虽然这个问题看起来与其他问题相似,但我的想法却有一个关键的区别.

While the question appears similar to others, there's a key difference in my mind.

  1. 我希望能够计算和/或打印(将其绘制为最终目标,但在数据框架中将其作为主要目标进行计算)EACH SUB密度曲线的 峰值-CONFITION BY FACET 密度图如下所示:

因此,理想情况下,我将能够知道每种条件下对应于密度曲线最高峰的强度(x轴值).

So, ideally, I would be able to know the intensity (x-axis value) corresponding to the highest peak of the density curves for each condition.

这里有一些虚拟数据:

set.seed(1234)

library(tidyverse)
library(fs)
n = 100000
silence = factor(c("sil1", "sil2", "sil3", "sil4", "sil5"))
treat = factor(c("con", "uos", "uos+wnt5a", "wnt5a"))
silence = rep(silence, n)
treat = rep(treat, n)
intensity = sample(4000:10000, n)

df <- cbind(silence, treat, intensity)
df$silence <- silence
df$treat <- treat

  1. 我尝试过的事情:

  • 对主要DF进行子集化,然后遍历并计算每种条件的密度,但这可能需要几天的时间.
  • 接近此答案的地方:
  • 再次,仅在控制台中获得这些组中每个组的峰值(即通过沉默子分布的处理)就足够了,但是将它们添加为垂直线这些图可能是最上面的甜樱桃(它也可能使它忙得不可开交,所以稍后我会看到这幅图)
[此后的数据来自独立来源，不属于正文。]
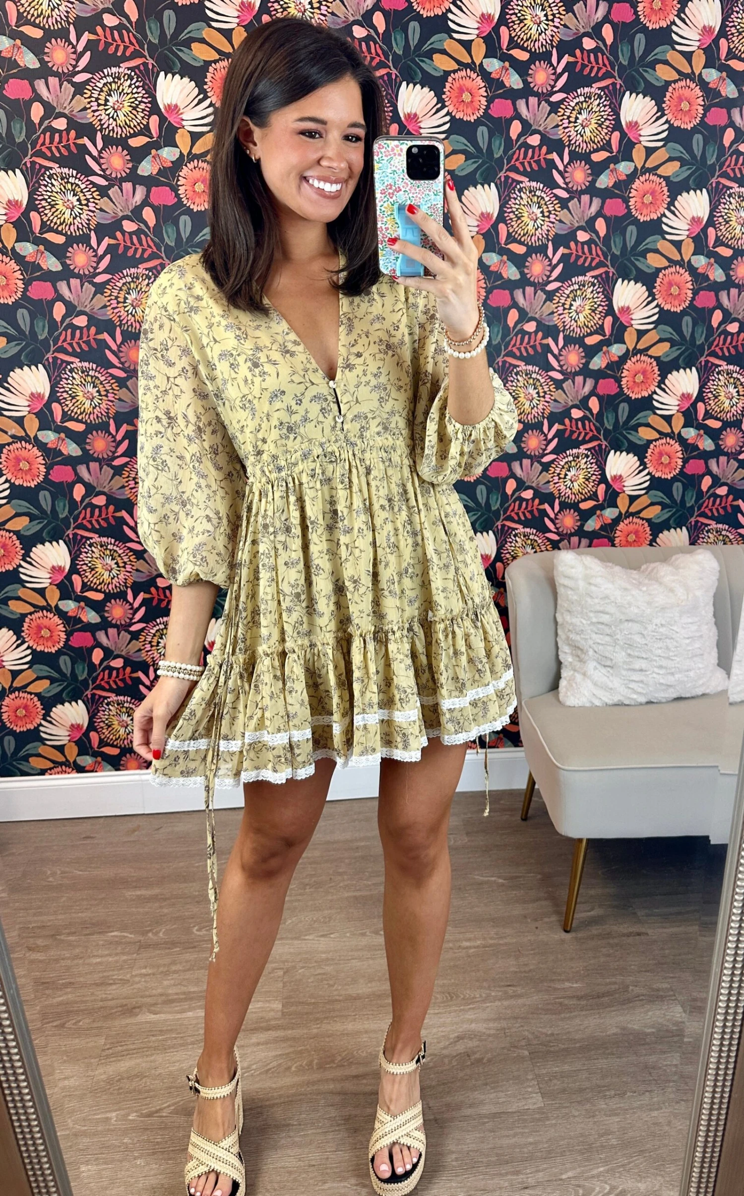 Features: 3/4 Sleeves, V Neck, Floral Print, Babydoll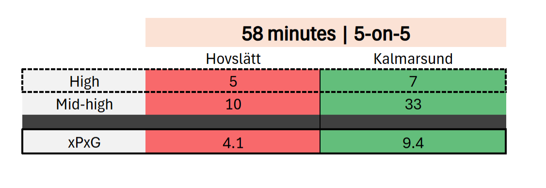 Kalmarsund are up 40-15 in big scoring chances in this game. That is a lot. The scoring chances off of high danger shots are actually pretty similar, but the ones coming from mid-high danger shots are extremely one-sided in favour of Kalmarsund.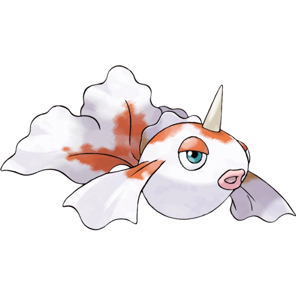 Known as the Goldfish Pokémon, Goldeen can be recognised by its unique coloration and wavy fins. Its body is mostly white, but sports orange markings over its back, pectoral fins and tail fins. It also has green eyes and sports a single horn on its head.

    Again, it would be sufficient to get the peak values for each of these groups (i.e., treatments by silencing subdistributions) just in the console, but adding them as a vertical line in the graphs would be a sweet cherry on top (it could also make it hella busy, so I will see about that piece later)

    谢谢!

    推荐答案

    根据生成密度图的方式,在进入ggplot之前,可能会有更直接的方法来重新创建密度计算.这将是获取峰值并使其保持数据格式的最简单方法.

    Depending on the way you're producing the density plots, there may be a more direct way to recreate the density calculation before it goes into ggplot. That'll be the easiest way to get the peak values and keep them in the format of your data.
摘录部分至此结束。